• ASSIGNMENT
The entries are to be printed again word for word, but no picture may appear.

******************************

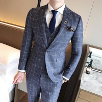 西服套装男士英伦西装男套装三件套韩版修身新郎结婚礼服格子商务蓝色格
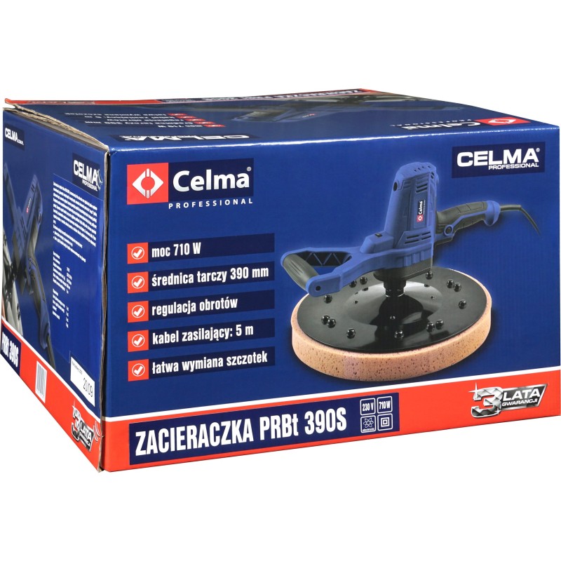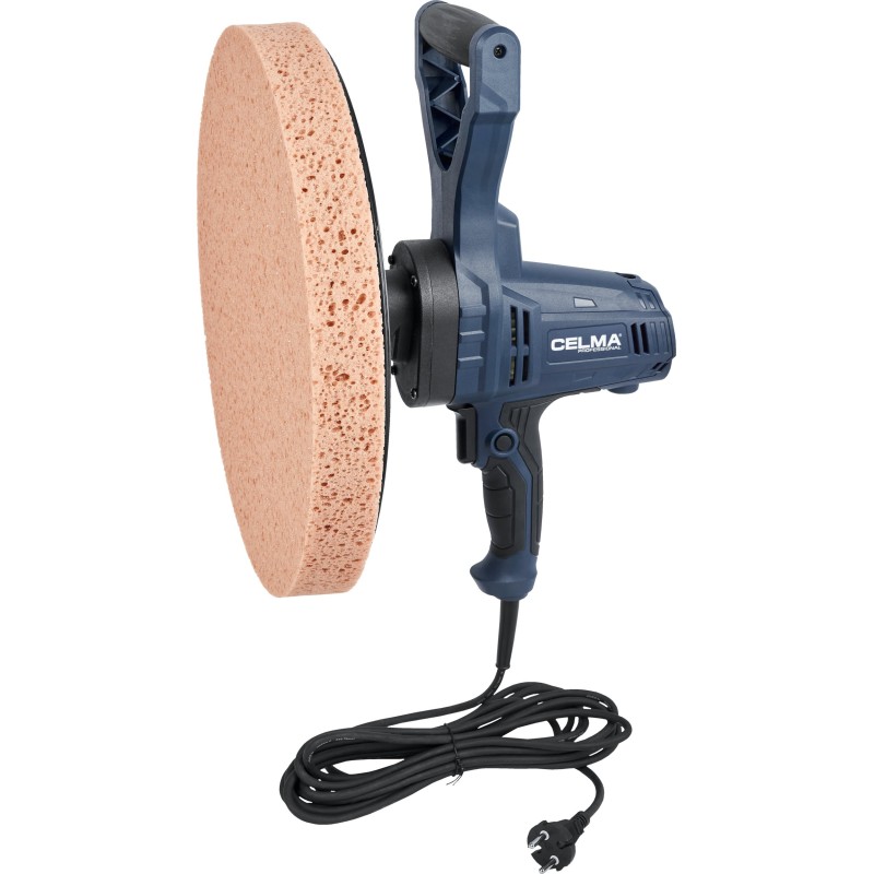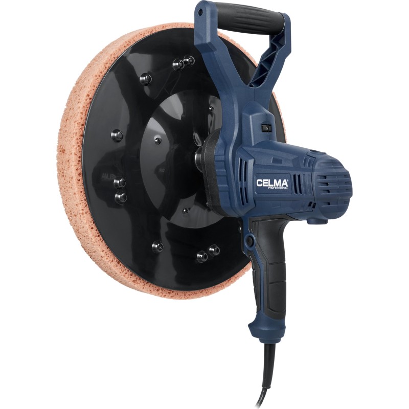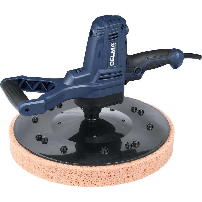 Die Glättmaschine CELMA Professional PRBt 390S ist zum Glätten und Glätten von Kalk-Zement-Putz, Außen- und Innenputz sowie zum Beseitigen von Unebenheiten bei „altem“ Putz, zum Ablösen von Tapeten, zum Entfernen von Mörtelausblühungen zwischen Ziegeln oder von angetrocknetem Putz auf Betonböden bestimmt. Das Gerät wurde für den Dauereinsatz auf großen Flächen wie Wänden, Decken und Böden konzipiert. Es bietet hohen Arbeitskomfort und außergewöhnliche Mobilität dank seines geringen Gewichts, der guten Gewichtsverteilung, der gut angeordneten gummierten Griffe und des langen, 5 Meter langen Netzkabels. Die stufenlose Drehzahlregelung über einen weiten Bereich ermöglicht die richtige Anpassung der Drehzahl an die jeweilige Arbeit.
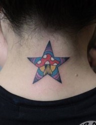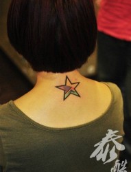 女人后脖子潮流时尚的图腾四叶草纹身图片
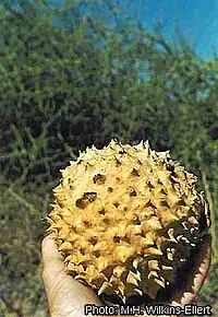 La plante se présente sous la forme d’un buisson épineux d’un mètre de hauteur, produisant des melons sphériques, comestibles à maturité, couverts de protubérances coniques.
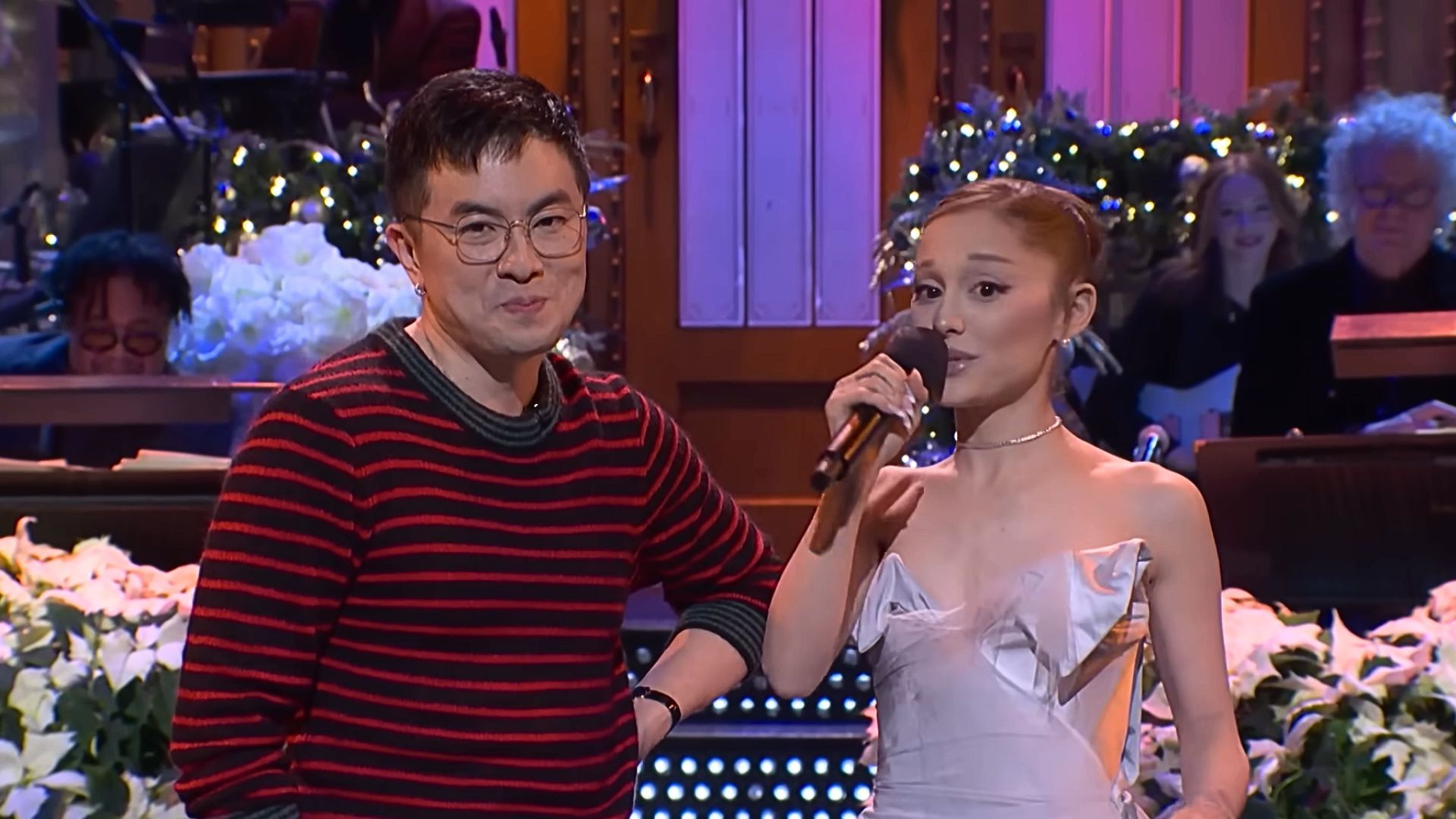 The trio then concluded the skit by singing "Please Come Home for Christmas,'' which made Grande visibly emotional and teary-eyed, as Bowen Yang spoke his final line on Saturday Night Live:
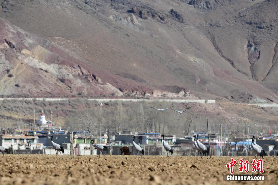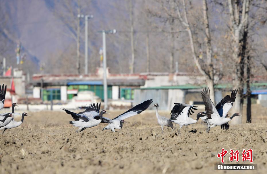 每年的10月底,成群的黑頸鶴飛到西藏拉薩市林周縣越冬,在拉薩市林周縣周邊的湖泊濕地度過5個月的“閑云野鶴”生活,次年三四月份再飛向藏北草原繁殖。黑頸鶴是世界上唯一一種高原鶴類。具有足長、喙長、頸長的典型涉禽類特征,適合在沼澤地里行走。黑頸鶴的頸、尾為黑色,體羽為灰白色。黑頸鶴是國家一級保護動物。目前,每年到林周縣越冬的黑頸鶴已達2000只左右。圖為黑頸鶴在林周境內的農田里覓食、嬉戲。 貢嘎來松 攝

******************************

• RESULT OF THIS EXERCISE
 西服套装男士英伦西装男套装三件套韩版修身新郎结婚礼服格子商务蓝色格
 Die Glättmaschine CELMA Professional PRBt 390S ist zum Glätten und Glätten von Kalk-Zement-Putz, Außen- und Innenputz sowie zum Beseitigen von Unebenheiten bei „altem“ Putz, zum Ablösen von Tapeten, zum Entfernen von Mörtelausblühungen zwischen Ziegeln oder von angetrocknetem Putz auf Betonböden bestimmt. Das Gerät wurde für den Dauereinsatz auf großen Flächen wie Wänden, Decken und Böden konzipiert. Es bietet hohen Arbeitskomfort und außergewöhnliche Mobilität dank seines geringen Gewichts, der guten Gewichtsverteilung, der gut angeordneten gummierten Griffe und des langen, 5 Meter langen Netzkabels. Die stufenlose Drehzahlregelung über einen weiten Bereich ermöglicht die richtige Anpassung der Drehzahl an die jeweilige Arbeit.
 女人后脖子潮流时尚的图腾四叶草纹身图片
 La plante se présente sous la forme d’un buisson épineux d’un mètre de hauteur, produisant des melons sphériques, comestibles à maturité, couverts de protubérances coniques.
 The trio then concluded the skit by singing "Please Come Home for Christmas,'' which made Grande visibly emotional and teary-eyed, as Bowen Yang spoke his final line on Saturday Night Live:
 每年的10月底,成群的黑頸鶴飛到西藏拉薩市林周縣越冬,在拉薩市林周縣周邊的湖泊濕地度過5個月的“閑云野鶴”生活,次年三四月份再飛向藏北草原繁殖。黑頸鶴是世界上唯一一種高原鶴類。具有足長、喙長、頸長的典型涉禽類特征,適合在沼澤地里行走。黑頸鶴的頸、尾為黑色,體羽為灰白色。黑頸鶴是國家一級保護動物。目前,每年到林周縣越冬的黑頸鶴已達2000只左右。圖為黑頸鶴在林周境內的農田里覓食、嬉戲。 貢嘎來松 攝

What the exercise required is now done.